• **Material for the task**:
----
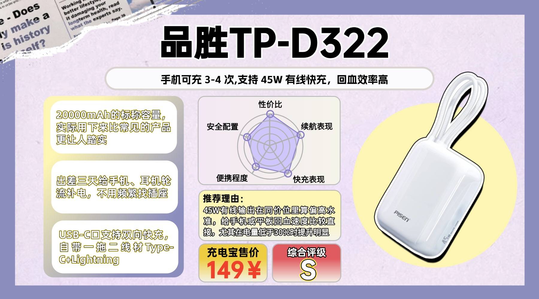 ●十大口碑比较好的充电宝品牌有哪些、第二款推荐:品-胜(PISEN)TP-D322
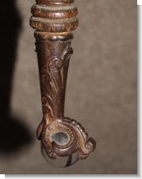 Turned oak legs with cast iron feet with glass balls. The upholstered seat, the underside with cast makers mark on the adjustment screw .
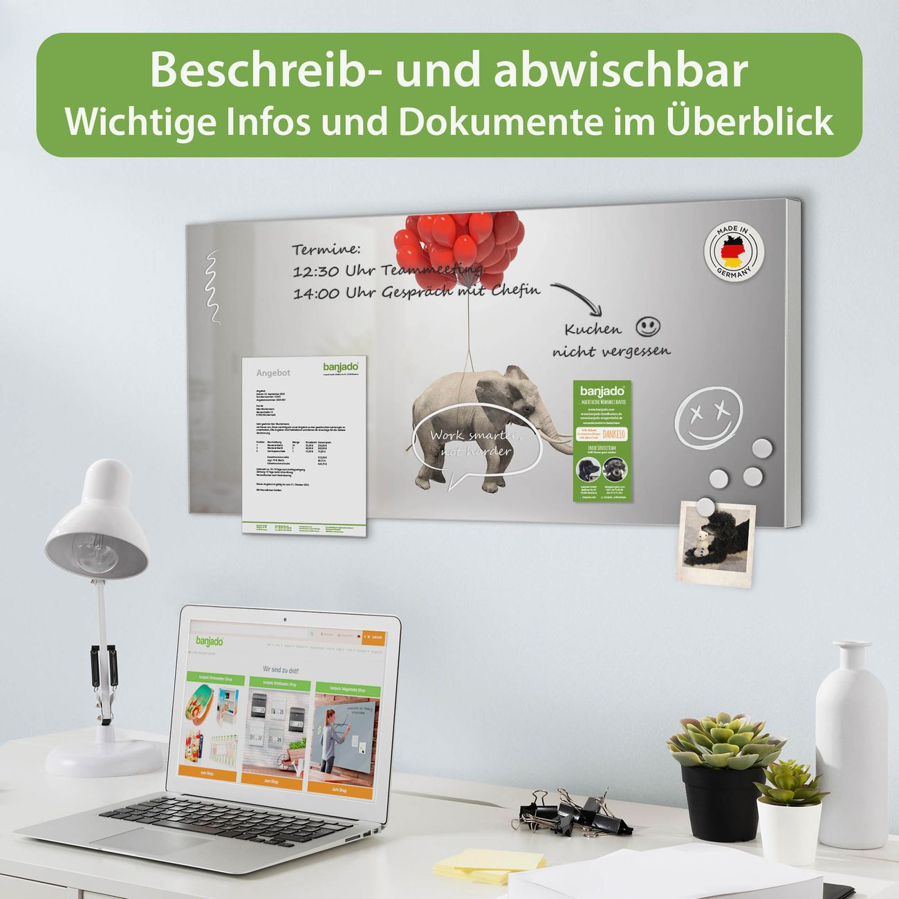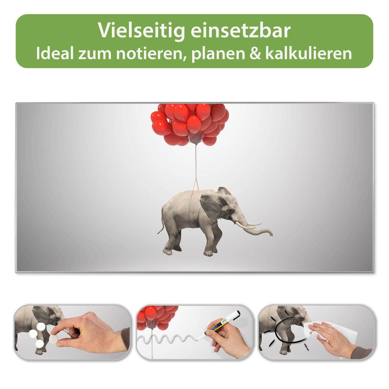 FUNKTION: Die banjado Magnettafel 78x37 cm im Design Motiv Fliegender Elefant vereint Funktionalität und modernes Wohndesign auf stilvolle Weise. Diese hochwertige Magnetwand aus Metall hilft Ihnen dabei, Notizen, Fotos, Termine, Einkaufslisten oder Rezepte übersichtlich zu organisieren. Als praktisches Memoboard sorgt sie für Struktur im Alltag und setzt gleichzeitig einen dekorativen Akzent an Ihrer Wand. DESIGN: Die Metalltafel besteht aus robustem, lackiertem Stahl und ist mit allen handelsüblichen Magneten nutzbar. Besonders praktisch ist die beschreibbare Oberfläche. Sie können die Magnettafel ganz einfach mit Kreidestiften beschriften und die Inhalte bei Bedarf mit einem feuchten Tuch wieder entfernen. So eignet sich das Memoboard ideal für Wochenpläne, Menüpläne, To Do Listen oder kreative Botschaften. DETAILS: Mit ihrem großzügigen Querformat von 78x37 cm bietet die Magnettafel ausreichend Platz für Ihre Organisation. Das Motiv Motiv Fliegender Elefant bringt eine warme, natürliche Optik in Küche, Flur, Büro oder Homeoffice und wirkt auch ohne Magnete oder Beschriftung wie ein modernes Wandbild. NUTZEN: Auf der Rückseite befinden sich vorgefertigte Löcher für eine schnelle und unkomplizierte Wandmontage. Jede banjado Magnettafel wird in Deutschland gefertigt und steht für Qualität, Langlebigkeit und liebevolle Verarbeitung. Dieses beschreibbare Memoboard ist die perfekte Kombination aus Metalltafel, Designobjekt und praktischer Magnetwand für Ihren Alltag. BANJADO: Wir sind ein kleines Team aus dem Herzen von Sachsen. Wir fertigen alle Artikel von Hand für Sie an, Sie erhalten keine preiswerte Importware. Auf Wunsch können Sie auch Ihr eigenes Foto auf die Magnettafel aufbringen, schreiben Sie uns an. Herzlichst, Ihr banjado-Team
----
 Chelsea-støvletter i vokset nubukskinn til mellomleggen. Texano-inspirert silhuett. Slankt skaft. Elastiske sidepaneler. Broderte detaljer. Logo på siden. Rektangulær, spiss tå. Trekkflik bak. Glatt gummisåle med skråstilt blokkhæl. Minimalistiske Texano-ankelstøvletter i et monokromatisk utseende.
----
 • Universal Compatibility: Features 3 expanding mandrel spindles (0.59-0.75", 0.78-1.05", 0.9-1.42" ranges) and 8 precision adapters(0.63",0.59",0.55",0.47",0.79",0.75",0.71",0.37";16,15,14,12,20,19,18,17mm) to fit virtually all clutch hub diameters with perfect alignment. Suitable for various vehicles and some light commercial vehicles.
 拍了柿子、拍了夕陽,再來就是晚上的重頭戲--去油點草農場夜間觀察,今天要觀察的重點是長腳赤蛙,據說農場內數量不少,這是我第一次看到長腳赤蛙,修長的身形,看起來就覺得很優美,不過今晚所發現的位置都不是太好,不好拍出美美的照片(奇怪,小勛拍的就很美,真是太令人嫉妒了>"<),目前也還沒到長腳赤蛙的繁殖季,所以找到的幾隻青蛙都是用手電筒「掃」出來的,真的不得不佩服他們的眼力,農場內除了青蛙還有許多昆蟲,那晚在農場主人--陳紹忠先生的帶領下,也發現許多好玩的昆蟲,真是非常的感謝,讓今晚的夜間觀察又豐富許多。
----
Write out exactly the lines above between the line with "light commercial vehicles." and the line with "拍了柿子、拍了夕陽,再來就是", inclusive, and nothing beyond them.

• **Answer box**:
 • Universal Compatibility: Features 3 expanding mandrel spindles (0.59-0.75", 0.78-1.05", 0.9-1.42" ranges) and 8 precision adapters(0.63",0.59",0.55",0.47",0.79",0.75",0.71",0.37";16,15,14,12,20,19,18,17mm) to fit virtually all clutch hub diameters with perfect alignment. Suitable for various vehicles and some light commercial vehicles.
 拍了柿子、拍了夕陽,再來就是晚上的重頭戲--去油點草農場夜間觀察,今天要觀察的重點是長腳赤蛙,據說農場內數量不少,這是我第一次看到長腳赤蛙,修長的身形,看起來就覺得很優美,不過今晚所發現的位置都不是太好,不好拍出美美的照片(奇怪,小勛拍的就很美,真是太令人嫉妒了>"<),目前也還沒到長腳赤蛙的繁殖季,所以找到的幾隻青蛙都是用手電筒「掃」出來的,真的不得不佩服他們的眼力,農場內除了青蛙還有許多昆蟲,那晚在農場主人--陳紹忠先生的帶領下,也發現許多好玩的昆蟲,真是非常的感謝,讓今晚的夜間觀察又豐富許多。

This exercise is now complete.